Решив, что это безопасно, я перекатился, встал на четвереньки, пополз и почти достиг выхода, когда какой-то ребенок заметил меня и испустил громкий вопль. На этот крик обернулись женщины и тоже закричали.
Прежде, чем кто-нибудь успел схватить меня, я вскочил на ноги и бросился к выходу. Пещера казалась кипящим котлом, ибо все присутствующие одновременно пытались броситься в погоню.
Я выскочил из пещеры и помчался мимо палаток. Пробегая мимо костра, возле которого были сложены останки моей лошади, я успел выхватить для себя кусок мяса.
Будь воздух потеплее, я с легкостью ускользнул бы от заперазхов. Моя сила и способность видеть в темноте давали мне преимущества перед обитателями Первого уровня. Но холод этих широт быстро замедлил мои движения, так что скорость моего бега приблизилась к скорости здешних обитателей.
За моей спиной мчалась, преследуя меня, толпа дикарей. Каждый раз, когда в свете их факелов сверкала моя чешуя, они испускали гневный вопль. Я бежал вниз по каменному склону, кидаясь то вправо, то влево, чтобы сбить преследователей с толку, но они были проворнее обычных людей. Куда бы я ни повернул, повсюду за мной устремлялся свет факелов. Постепенно меня нагоняли. Мои движения все больше замедлялись по мере того, как холод проникал в мое тело.
Знай я лучше местность, я несомненно сбил бы их со следа каким-нибудь трюком, но местности я не знал. Они все приближались. Я мог бы остановиться и убить двух-трех, но остальные, несомненно, забили бы меня насмерть орудиями из стекла и камня. А это, я был в этом уверен, не принесло бы удовлетворения ни мадам Роске, ни синдикам, которые доверились мне.

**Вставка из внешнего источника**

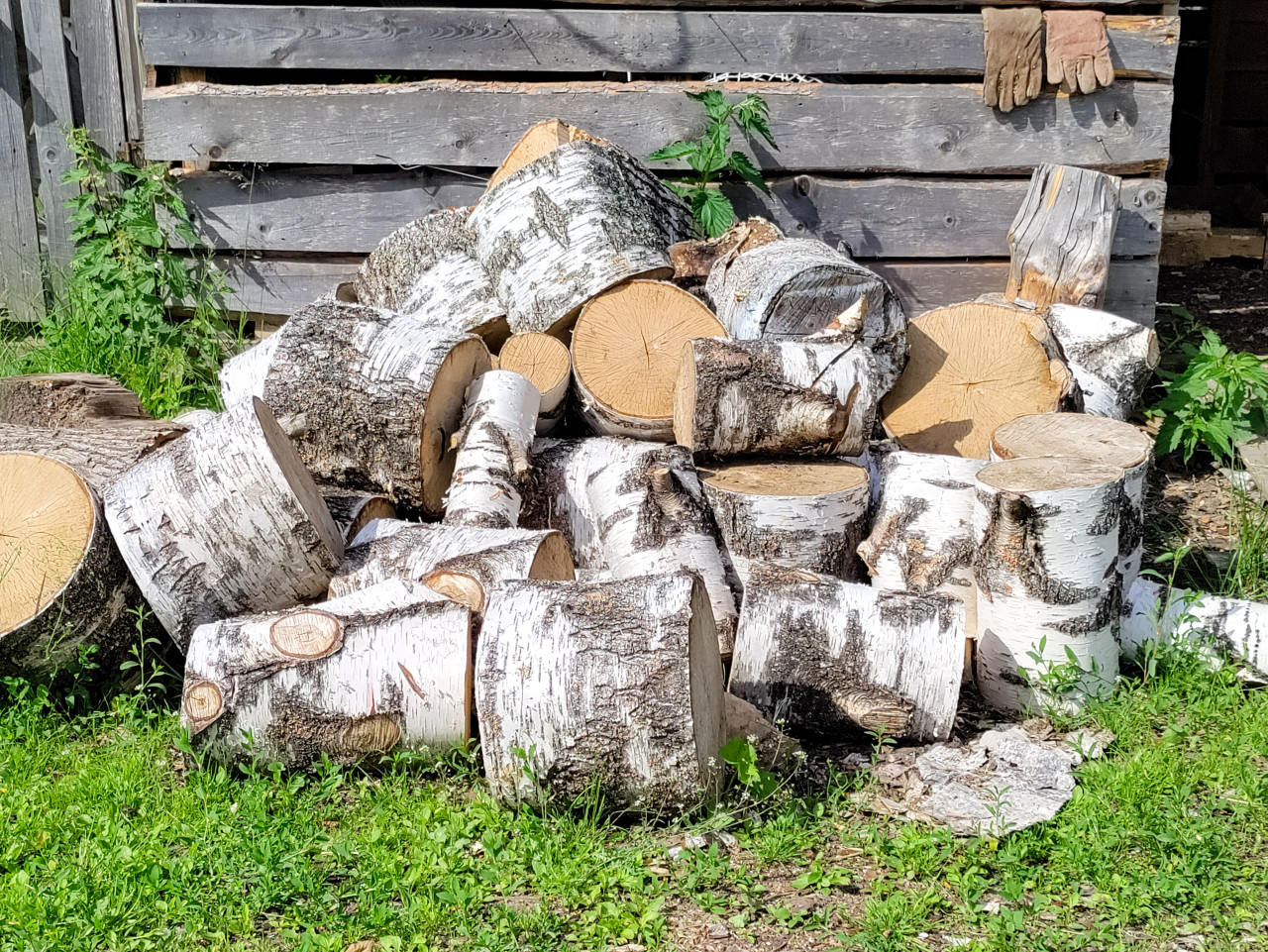 Крупный план заготовленных дров: на земле лежит куча коротких берёзовых чурок с белой корой и свежими светлыми спилами. Поленья разного диаметра сложены беспорядочно, видны годичные кольца и следы распила. На заднем плане — серая деревянная стенка из горизонтальных досок, вверху на доске висят рабочие перчатки. По краям растут зелёные растения и трава, на земле заметны щепки и фрагменты коры. Использование: материалы о заготовке топлива, хозяйственном дворе, деревенском быте, отоплении и работах по дому.

Мимо меня пролетела стрела. Я начал впадать в отчаяние.
Уверившись, что они видят меня, я изменил свой цвет на самый светлый, какой только был в моем распоряжении — жемчужно-серый. Потом я метнулся вправо. Когда они, торжествующе крича, бросились следом, я прыгнул за выступы в стороне от тропы. Исчезнув на мгновение из поля зрения преследователей, я изменил цвет на черный и побежал влево, перпендикулярно моему прежнему направлению.